With Deutsche Brothers Bank on its back and Draghi flip-flopping back to his uber-dovish, yield-curve-collapsing alter-ego, Bloomberg’s Heather Burke details how European banks are caught in an under-performance ‘doom-loop’.
Via Bloomberg,
European banks are poised to underperform in 2019, thanks to structural cracks that cheap valuations can’t paper over.
The region’s lenders have been blighted by record-low interest rates and sovereign debt crises. The initial negative reaction of their stocks to a new round of loans from the European Central Bank – which are expected to have less favorable terms than in the past – attests to how much support they still need.
Sure, at first glance bank valuations look cheap – but given the macro backdrop, perhaps not cheap enough.
Lenders on the Stoxx 600 trade at 0.74 estimated price-to-book, about an 11% discount to the 10-year average.
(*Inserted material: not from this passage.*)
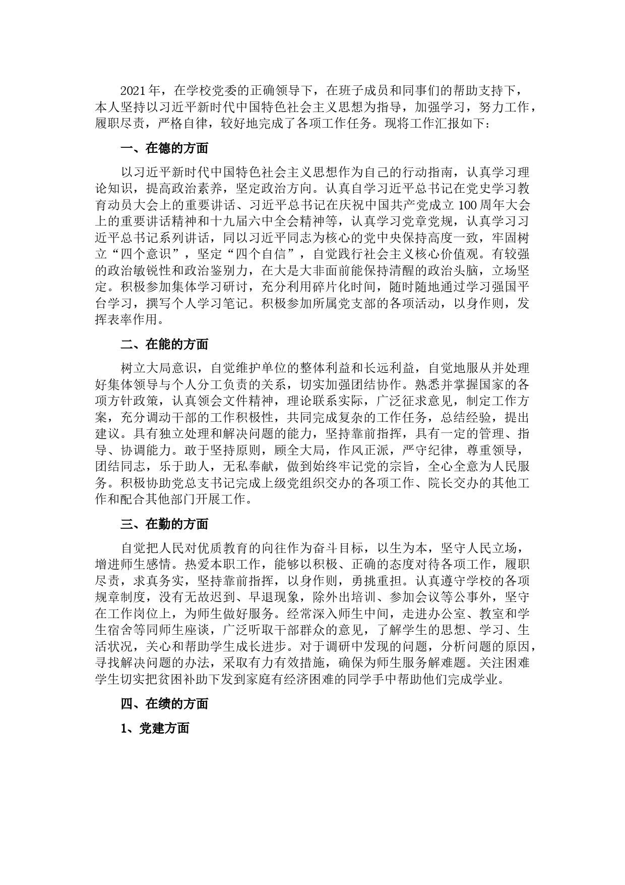 2021年,在學(xué)校黨委的正確領(lǐng)導(dǎo)下,在班子成員和同事們的幫助支持下,本人堅(jiān)持以習(xí)近平新時(shí)代中國特色社會(huì)主義思想為指導(dǎo),加強(qiáng)學(xué)習(xí),努力工作,履職盡責(zé),嚴(yán)格自律,較好地完成了各項(xiàng)工作任務(wù)?,F(xiàn)將工作匯報(bào)如下:一、在德的方面以習(xí)近平新時(shí)代中國特色社會(huì)主義思想作為自己的行動(dòng)指南,認(rèn)真學(xué)習(xí)理論知識(shí),提高政治素養(yǎng),堅(jiān)定政治方向。認(rèn)真自學(xué)習(xí)近平總書記在黨史學(xué)習(xí)教育動(dòng)員大會(huì)上的重要講話、習(xí)近平總書記在慶祝中國共產(chǎn)黨成立100周年大會(huì)上的重要講話精神和十九屆六中全會(huì)精神等,認(rèn)真學(xué)習(xí)黨章黨規(guī),認(rèn)真學(xué)習(xí)習(xí)近平總書記系列講話,同以習(xí)近平同志為核心的黨中央保...

That compares with a multiple of almost 1.2 for S&P 500 banks.
Italian lenders are cheaper still, thanks to bad loans and an overhang of political concern in the wake of last year’s budget saga. They hold the EU’s biggest pile of soured debt – one of the reasons they have a 12-month forward price-to-book of less than 0.6.
True, European banks can offer juicy, stable dividends. The ratio between their 12-month forward dividend yield (5.8%) and that of the Stoxx 600 as a whole (3.9%) is near the highest since 2016.
Yet their earnings growth is expected to stall this year. EPS for Stoxx 600 banks in 2019 is projected to be little changed, according to data compiled by Bloomberg, after rising almost 5% last year.
The big problem?
The euro-zone economy is slowing again. The ECB’s downgrade of the growth outlook this month was one of the biggest in years, while the Bundesbank gave up on a first-quarter rebound in Germany as the nation’s industry stumbled. It’s all set the stage for low rates into the foreseeable future.
That’s the doom loop — slowing growth and low yields, a toxic combination for banks. Until that changes, there’s little prospect for their earnings, valuations or share prices to improve.